▶ **Records supplied**
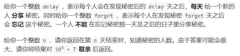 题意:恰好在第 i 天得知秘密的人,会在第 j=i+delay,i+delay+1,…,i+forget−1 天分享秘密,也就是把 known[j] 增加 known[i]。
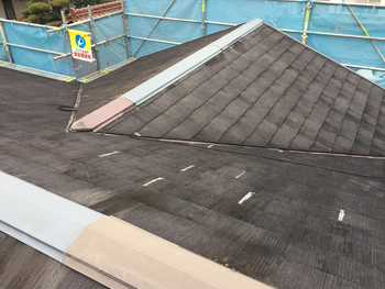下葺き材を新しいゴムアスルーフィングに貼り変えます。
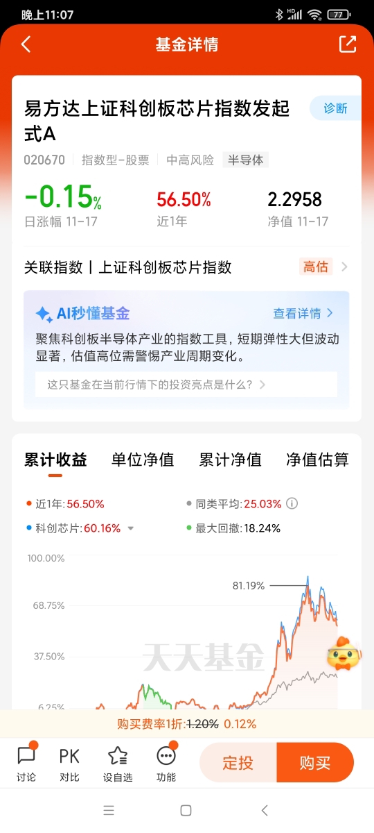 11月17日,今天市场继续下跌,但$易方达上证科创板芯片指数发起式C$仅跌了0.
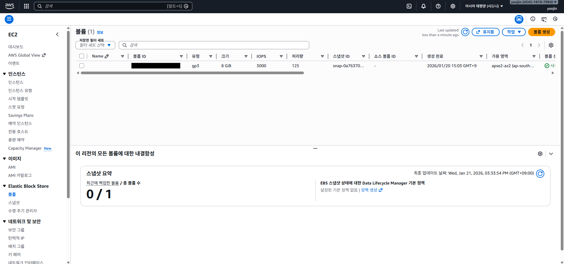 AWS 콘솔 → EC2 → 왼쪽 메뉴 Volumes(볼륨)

* * *

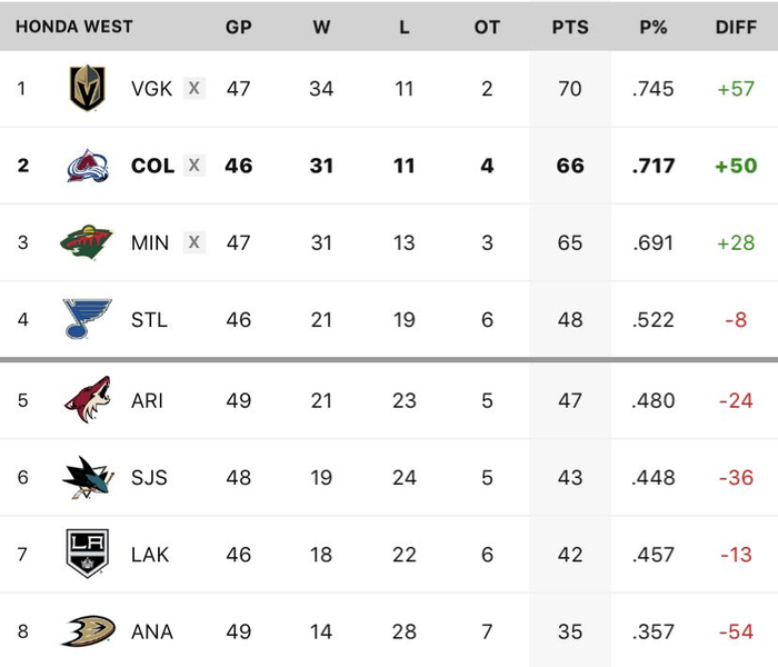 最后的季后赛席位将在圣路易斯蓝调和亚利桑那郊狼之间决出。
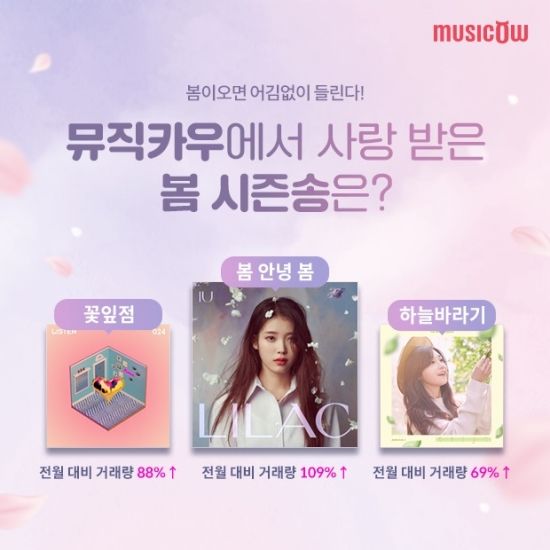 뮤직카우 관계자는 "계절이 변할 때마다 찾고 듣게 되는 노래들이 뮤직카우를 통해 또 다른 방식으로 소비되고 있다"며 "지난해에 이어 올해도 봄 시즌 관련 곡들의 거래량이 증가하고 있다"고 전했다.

▶ **Task requirements**
Your output should be the lines above from the one that contains "下葺き材を新しいゴムアスルーフィングに貼り変えます。" through the one that contains "AWS 콘솔 → EC2 → 왼쪽 메뉴 Volumes(볼륨)", word for word, with pictures left out.

▶ **Exercise result**
下葺き材を新しいゴムアスルーフィングに貼り変えます。
 11月17日,今天市场继续下跌,但$易方达上证科创板芯片指数发起式C$仅跌了0.
 AWS 콘솔 → EC2 → 왼쪽 메뉴 Volumes(볼륨)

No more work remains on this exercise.